Authored by Kansas Policy Institute CEO Dave Trabert and ATR President Grover Norquist, the following op-ed was published in the Anderson-County Review and the Kansas-Missouri Sentinel.
It was clear from the very beginning. Despite winning reelection on a message of ‘Axing Your Taxes,’ Governor Laura Kelly, a Democrat, was never planning to support meaningful tax relief for the people of Kansas.
On Monday, Gov. Kelly laid bare her tax-and-spend agenda by vetoing SB 169. A crowning achievement of the 2023 legislative session, this tax relief package would put nearly $500 million back into the pockets of hardworking Kansans every year, moving Kansas to a single-rate tax while delivering on Kelly’s own goal of accelerating the phase-out of the sales tax on food.
Kelly’s excuse is that a flat tax will break the budget, but it won’t. Kansas Legislative Research predicts a $3 billion surplus at the end of next year, and that is after the first year SB 169 is implemented. Spending can continue to grow at the same pace as tax receipts and still have a balanced budget.
This a much different circumstance than Governor Sam Brownback’s tax plan that was reversed in 2017. Everyone knew the tax bill signed in 2012 would break the budget within two years without relatively minor spending reductions, yet Brownback, the Democrats, and some Republicans declined opportunities to cut waste, and instead, they spent even more!
Kelly also says a flat tax isn’t fair and that it mostly benefits ‘the wealthy.’ It’s true that people with higher incomes save more money, but that’s because they pay most of the taxes. The most recent data from the Kansas Department of Revenue shows that people with adjusted gross income above $100,000 paid 70% of the total income tax with only 61% of total AGI, while those with less than $50,000 AGI had 17% of total income but paid only 9% of total state income tax. What is not ‘fair’ about that?

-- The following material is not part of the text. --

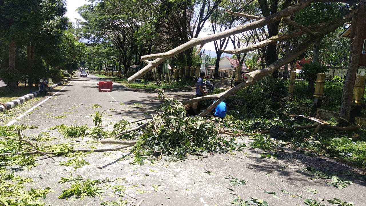 Foto Ist Pagaralam PosPANGKAS DAHAN Petugas BPBD Kota Pagaralam lakukan pemangkasan batang dan dahan pohon yang tumbang akibat diterjang angin kencang PAGARALAM POS Pagaralam Brakk Seketika pohon tembesi itu tumbang badan jalan pun sepenuhnya tertutupi batang dahan hingga ranting pohon Inilah gambaran peristiwa pohon tumbang terjadi di wilayah jalan menuju Perkantoran Gunung Gare tak jauh dari Kantor BNN Kota Pagaralam Rabu 16 2 Mendapati kejadian ini pengendara sepeda motor dan mobil berjibaku kerjasama berupaya menyingkirkan pohon tumbang tersebut sehingga arus lalulintas kendaraan bisa kembali lancar Cuaca ekstrem dengan angin kencang berembus sejak pagi hari tak sedikit membuat sejumlah tanam tumbuh roboh Seperti halnya sebuah pohon di kawasan Vila MTQ berlokasi di Kompleks Perkantoran Gunung Gare roboh dan menutupi badan jalan Bahkan tak hanya satu dengan jarak kurang dari 200 meter satu batang pohon lagi roboh berikut ranting rantingnya yang rapuh ikut berserakan di badan jalan Menanggapi kondisi cuaca ekstrem ini Kepala BPBD Kota Pagaralam Jon Hasman melalui Kabid Kesiapsiagaan Bencana Syahirul SP menuturkan jika di tengah kondisi cuaca kurang bersahabat ini perlu sekali adanya peningkatan kewaspadaan terutama bagi para pengendara sepeda motor dan mobil ketika melintas Hari ini ada 6 lokasi titik pohon tumbang yakni di derah Dempo Park ada 3 titik setelah itu di depan Vila MTQ 2 titik lokasi dan 1 lokasi lagi jalan tanjakan menuju Kantor BNN Kota Pagaralam Dan kita pun telah melakukan upaya pembersihan terhadap batang pohon yang tumbang tersebut jelas Syahirul Beranjak dari hal tersebut sambung Syahirul pihaknya senantiasa mengimbau kepada masyarakat harus tetap selalu waspada Tingkatkan terus kewaspadaan terutama hindari pohon yang tinggi dan rentan roboh imbuhnya Cg09 CE V

As the legislature returns to Topeka this week, the stakes could not be higher. Republicans in the House and Senate should embrace this golden opportunity to override the governor’s veto, reduce income taxes for all Kansan families and small businesses, and make the Kansas economy more competitive on the national stage.
Kansas is in its fifth straight decade of economic stagnation, and it’s getting worse. The Sunflower State had the ninth-worst increase in private nonfarm earnings over the last three years and the seventh-worst increase in private-sector jobs since 1998.
Lowering income tax rates is a powerful way to spur population growth for years to come. The states without an income tax gained 7.4 million people from domestic migration this century, while the income-taxing states lost 7.4 million, and that isn’t a weather thing. No one moves to South Dakota, New Hampshire, or Wyoming for the warm winters.
Kansas is horribly uncompetitive on taxes. Its income tax rates are well above the national average; it has the ninth-highest sales taxes, the worst effective tax rate on mature businesses, and is the third-worst state for taxes on retirees. On top of all that, Kansan homeowners pay some of the highest property tax rates in the nation.
SB 169 provides relief in each of these areas. It would consolidate Kansas’ three tiers into a single bracket with a flat rate of 5.15% in a way that ensures all taxpayers get a break. While the original version of the bill cleared the Senate with an even lower 4.75% rate, this “compromise” package received overwhelming support in both chambers, including a vote of approval from Democrat Rep. Marvin Robinson.
SB 169 will also provide direct relief to thousands of small businesses that file their taxes on the personal side of the code. And by simultaneously cutting the normal corporate income tax rate from 4% to 3%, SB 169 helps Kansas attract more investment from larger businesses without the need for more carveouts and special exemptions.
Putting the Kansas proposal into context, even Democrat-controlled states like Illinois and Colorado already have a flat tax. Moreover, single-rate taxes have proven quite popular, even with liberal voters. For example, a 2020 ballot measure in Illinois would have replaced the 5% flat tax to allow for higher taxes on the rich. Strikingly, the same progressive voters that elected Joe Biden by a 17-point margin voted overwhelmingly to uphold the flat tax, 55%–45%.
Over the last decade, people and jobs have fled out of high-tax states and into states that impose low- and no-income taxes. The flexibility to work remotely is amplifying this trend. A growing movement of states is working to reduce and phase out their income taxes to compete for that investment.
The last few years have seen a record number of states move to streamline their income taxes to a flat rate and put them on the path to zero. In the 2021 and 2022 legislative sessions, five states – Idaho, Georgia, Mississippi, Arizona, and Iowa – exchanged their progressive income tax system for a single-rate tax. That brought the total number of flat tax states to 13.
Meanwhile, there are a total of eight states that do not impose individual income taxes on earnings. This trend is picking up steam in 2023. More than a dozen states – including North Carolina, Mississippi, Iowa, Louisiana, Oklahoma, and Kentucky – are jockeying to be the next state added to the “no income tax” list. Doing nothing may cause Kansas to fall behind.
Grover Norquist is President of Americans for Tax Reform. Dave Trabert is CEO of Kansas Policy Institute.